Work request: Would you retype the listing word for word, skipping its pictures?

Data provided:
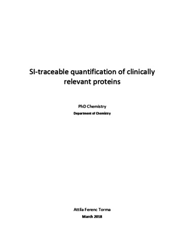 Torma, A. F. (2018) SI-traceable quantification of clinically relevant proteins. PhD thesis, University of Reading.
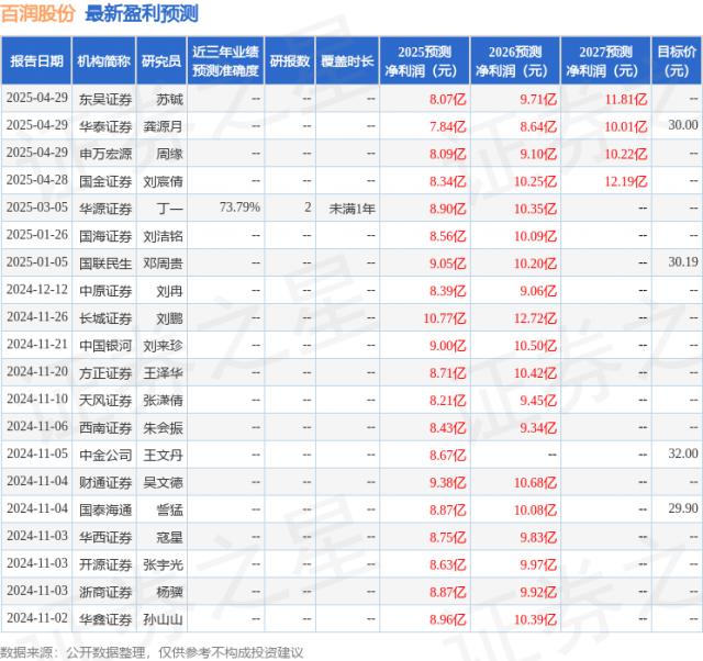 证券之星消息,2025 年 4 月 29 日百润股份(002568)宣布,国海证券刘洁铭、开源证券张恒玮、东方证券燕斯娴、东北证券淞磊、财通证券吴文德、东吴证券于思淼、长江证券冯萱、沈万宏源严泽楠、兴业证券汪润、中信建投夏克扎提、太平洋证券肖依琳、方正证券康宇喆、华西证券王厚、野村证券彭琦茹、华泰联合倪欣雨、东方财富王尧、银河证券刘来珍、国盛证券李梓语、德邦证券尤诗。 2025 年 4 月 29 每天调查我们公司。
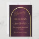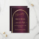 A Spara datumkortet för en 70:e födelsedagsfest. En burgundisk bakgrund, dekorerad med faux guld-båge. Anpassa och lägg till ett datum och ditt namn. Texten: Sjuttio och Spara datumet skrivs med ett stort trendig-handskript med stil.

Solved problem:
 Torma, A. F. (2018) SI-traceable quantification of clinically relevant proteins. PhD thesis, University of Reading.
 证券之星消息,2025 年 4 月 29 日百润股份(002568)宣布,国海证券刘洁铭、开源证券张恒玮、东方证券燕斯娴、东北证券淞磊、财通证券吴文德、东吴证券于思淼、长江证券冯萱、沈万宏源严泽楠、兴业证券汪润、中信建投夏克扎提、太平洋证券肖依琳、方正证券康宇喆、华西证券王厚、野村证券彭琦茹、华泰联合倪欣雨、东方财富王尧、银河证券刘来珍、国盛证券李梓语、德邦证券尤诗。 2025 年 4 月 29 每天调查我们公司。
 A Spara datumkortet för en 70:e födelsedagsfest. En burgundisk bakgrund, dekorerad med faux guld-båge. Anpassa och lägg till ett datum och ditt namn. Texten: Sjuttio och Spara datumet skrivs med ett stort trendig-handskript med stil.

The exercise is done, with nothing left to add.